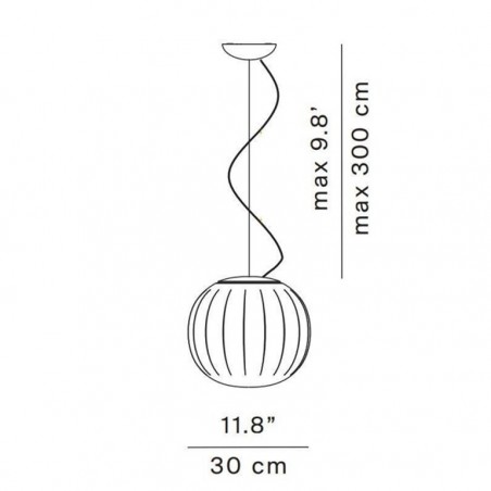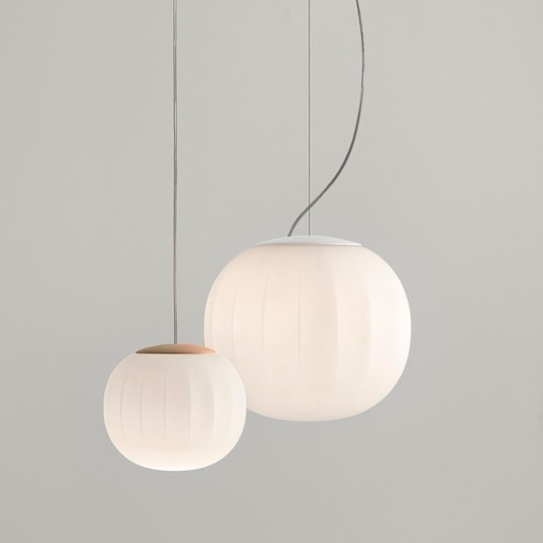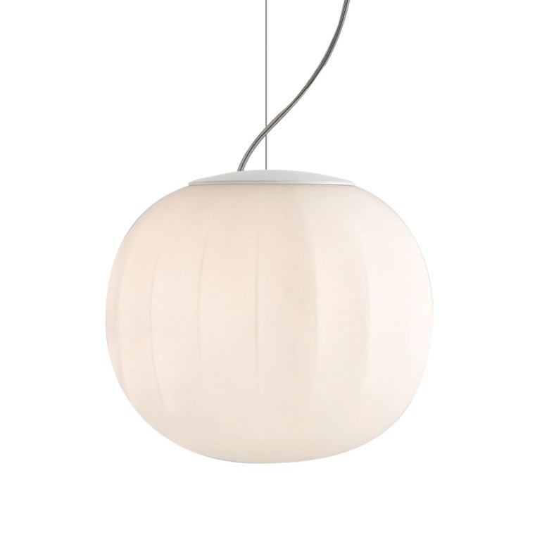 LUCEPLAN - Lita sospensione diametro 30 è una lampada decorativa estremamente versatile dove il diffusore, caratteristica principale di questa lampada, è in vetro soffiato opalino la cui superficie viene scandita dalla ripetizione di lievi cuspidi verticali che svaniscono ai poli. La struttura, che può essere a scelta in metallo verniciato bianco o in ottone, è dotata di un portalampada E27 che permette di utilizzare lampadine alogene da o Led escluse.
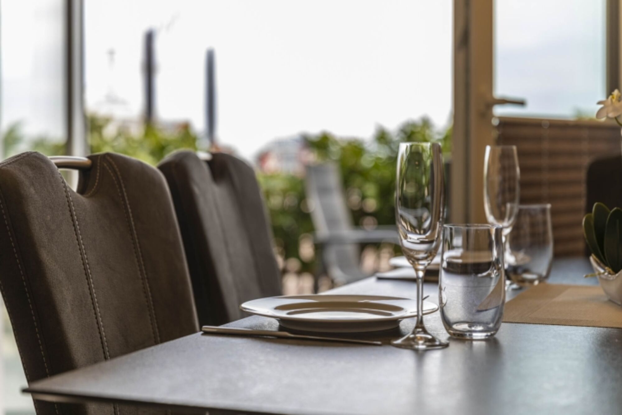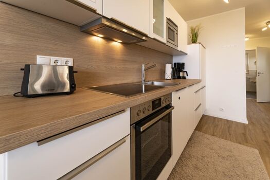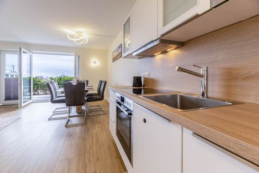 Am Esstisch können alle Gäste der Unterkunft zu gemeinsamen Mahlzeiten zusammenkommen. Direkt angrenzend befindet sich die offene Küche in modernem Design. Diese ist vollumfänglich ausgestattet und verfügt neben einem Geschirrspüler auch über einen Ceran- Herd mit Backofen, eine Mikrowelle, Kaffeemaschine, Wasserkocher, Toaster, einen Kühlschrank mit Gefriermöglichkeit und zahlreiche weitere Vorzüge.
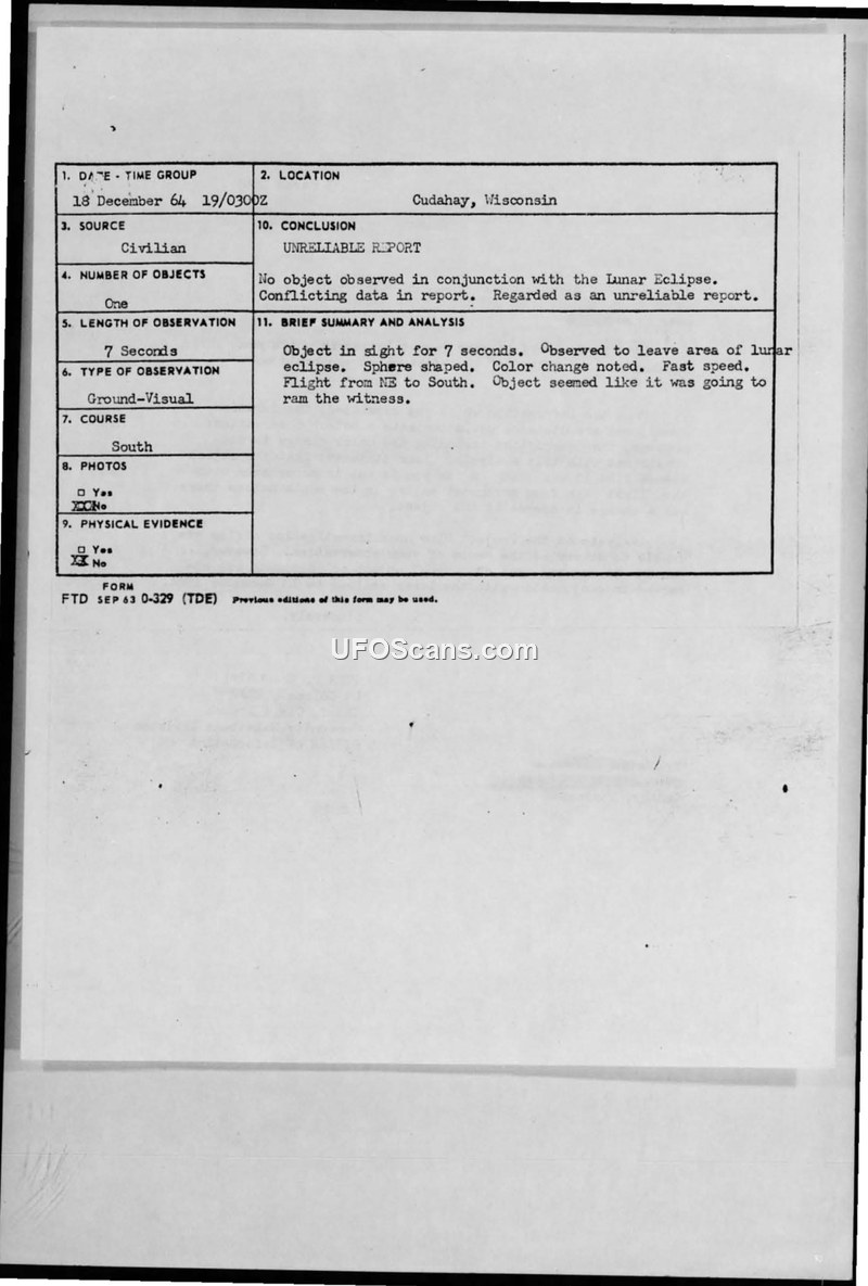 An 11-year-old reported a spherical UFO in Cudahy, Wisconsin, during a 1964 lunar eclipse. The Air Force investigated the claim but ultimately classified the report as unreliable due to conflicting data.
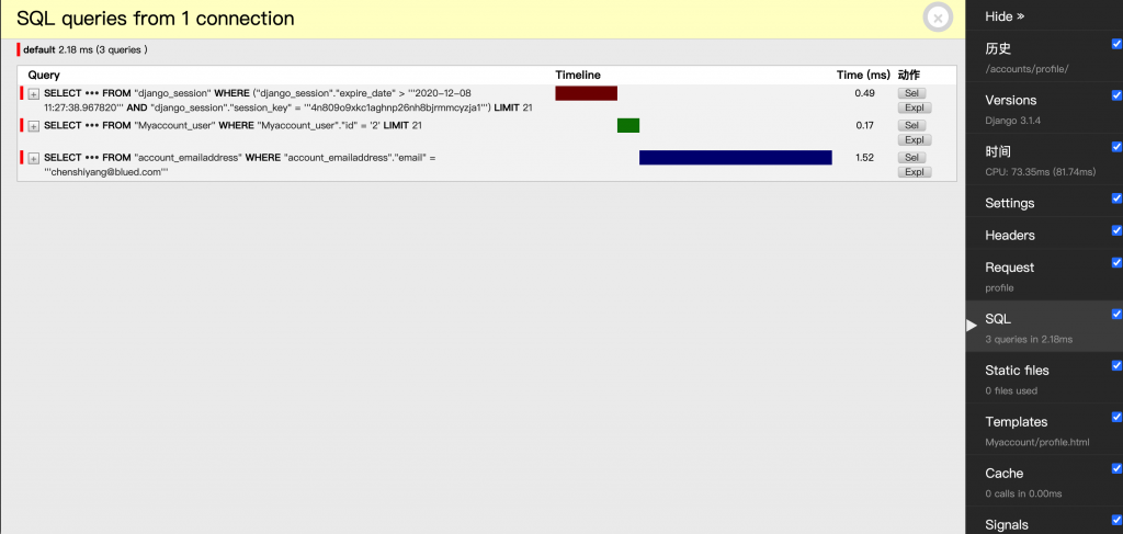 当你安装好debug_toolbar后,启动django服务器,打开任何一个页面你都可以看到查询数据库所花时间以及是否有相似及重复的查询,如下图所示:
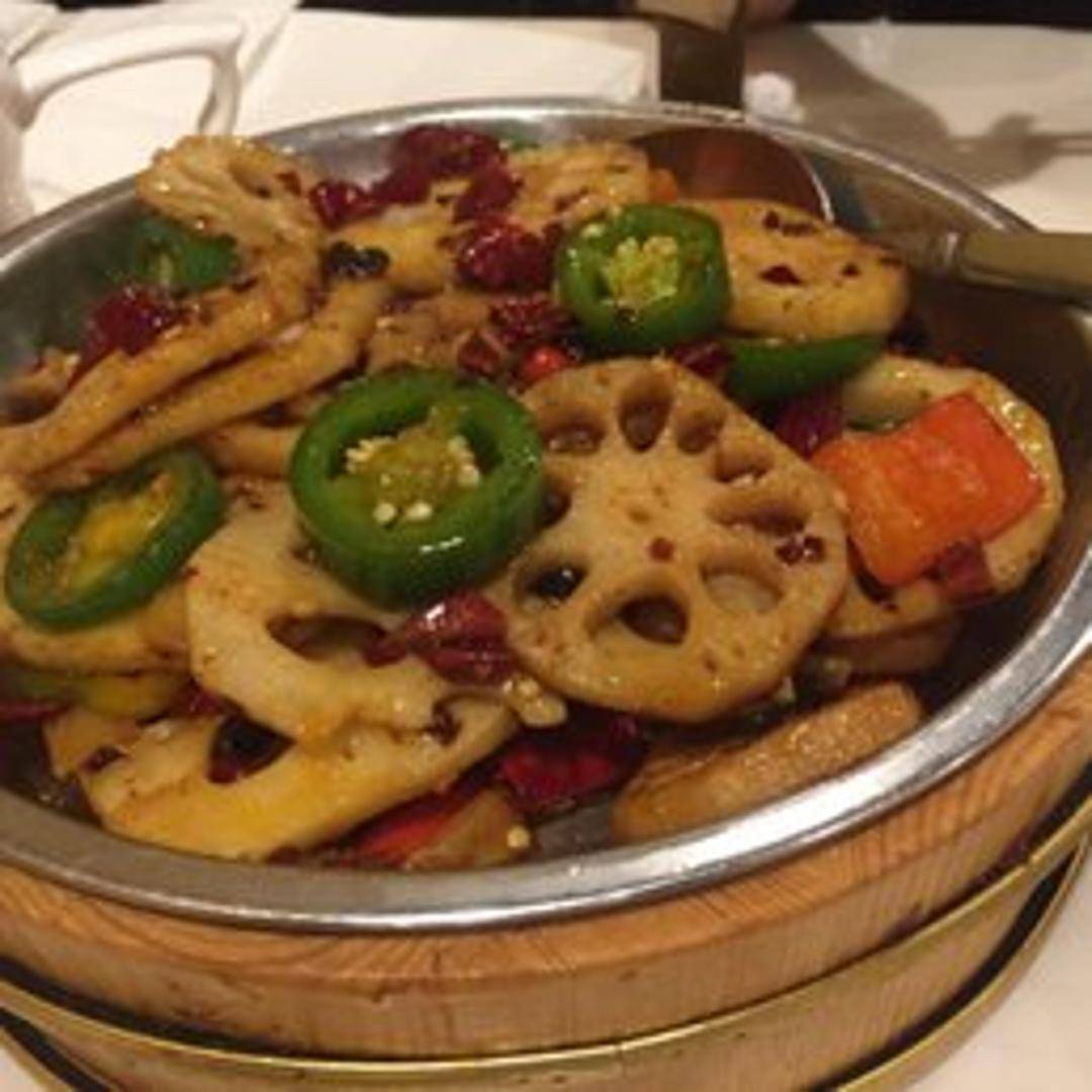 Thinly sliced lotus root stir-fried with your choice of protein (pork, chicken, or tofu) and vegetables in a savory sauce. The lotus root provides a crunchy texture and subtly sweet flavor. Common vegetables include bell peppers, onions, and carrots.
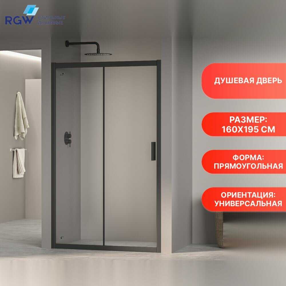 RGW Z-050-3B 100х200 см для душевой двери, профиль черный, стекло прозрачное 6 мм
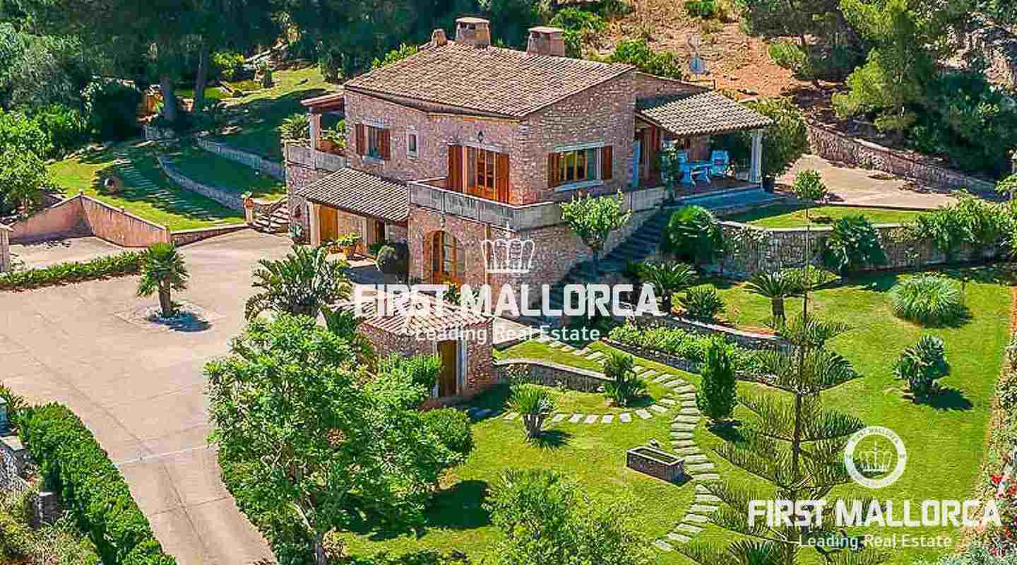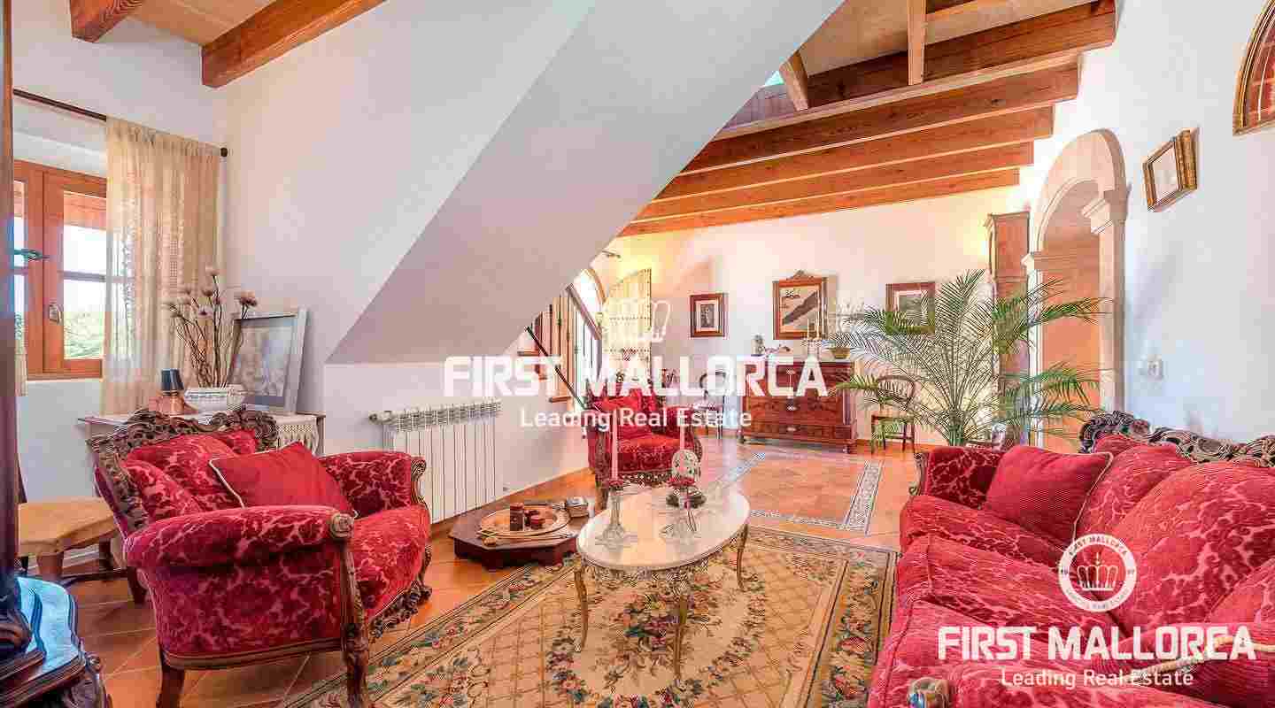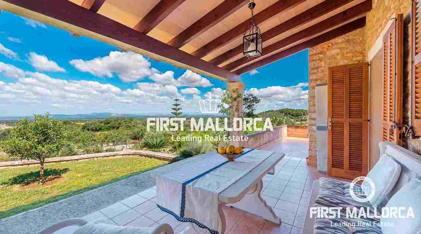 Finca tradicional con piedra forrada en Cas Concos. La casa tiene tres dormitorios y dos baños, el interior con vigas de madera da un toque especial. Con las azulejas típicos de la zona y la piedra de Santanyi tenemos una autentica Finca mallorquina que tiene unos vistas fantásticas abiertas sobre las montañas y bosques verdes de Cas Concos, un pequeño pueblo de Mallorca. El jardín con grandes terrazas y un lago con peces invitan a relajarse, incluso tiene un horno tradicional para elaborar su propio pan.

***

The line containing "An 11-year-old reported" and all lines after it, through the last line of the records, should be returned exactly. Omit the pictures.

 An 11-year-old reported a spherical UFO in Cudahy, Wisconsin, during a 1964 lunar eclipse. The Air Force investigated the claim but ultimately classified the report as unreliable due to conflicting data.
 当你安装好debug_toolbar后,启动django服务器,打开任何一个页面你都可以看到查询数据库所花时间以及是否有相似及重复的查询,如下图所示:
 Thinly sliced lotus root stir-fried with your choice of protein (pork, chicken, or tofu) and vegetables in a savory sauce. The lotus root provides a crunchy texture and subtly sweet flavor. Common vegetables include bell peppers, onions, and carrots.
 RGW Z-050-3B 100х200 см для душевой двери, профиль черный, стекло прозрачное 6 мм
 Finca tradicional con piedra forrada en Cas Concos. La casa tiene tres dormitorios y dos baños, el interior con vigas de madera da un toque especial. Con las azulejas típicos de la zona y la piedra de Santanyi tenemos una autentica Finca mallorquina que tiene unos vistas fantásticas abiertas sobre las montañas y bosques verdes de Cas Concos, un pequeño pueblo de Mallorca. El jardín con grandes terrazas y un lago con peces invitan a relajarse, incluso tiene un horno tradicional para elaborar su propio pan.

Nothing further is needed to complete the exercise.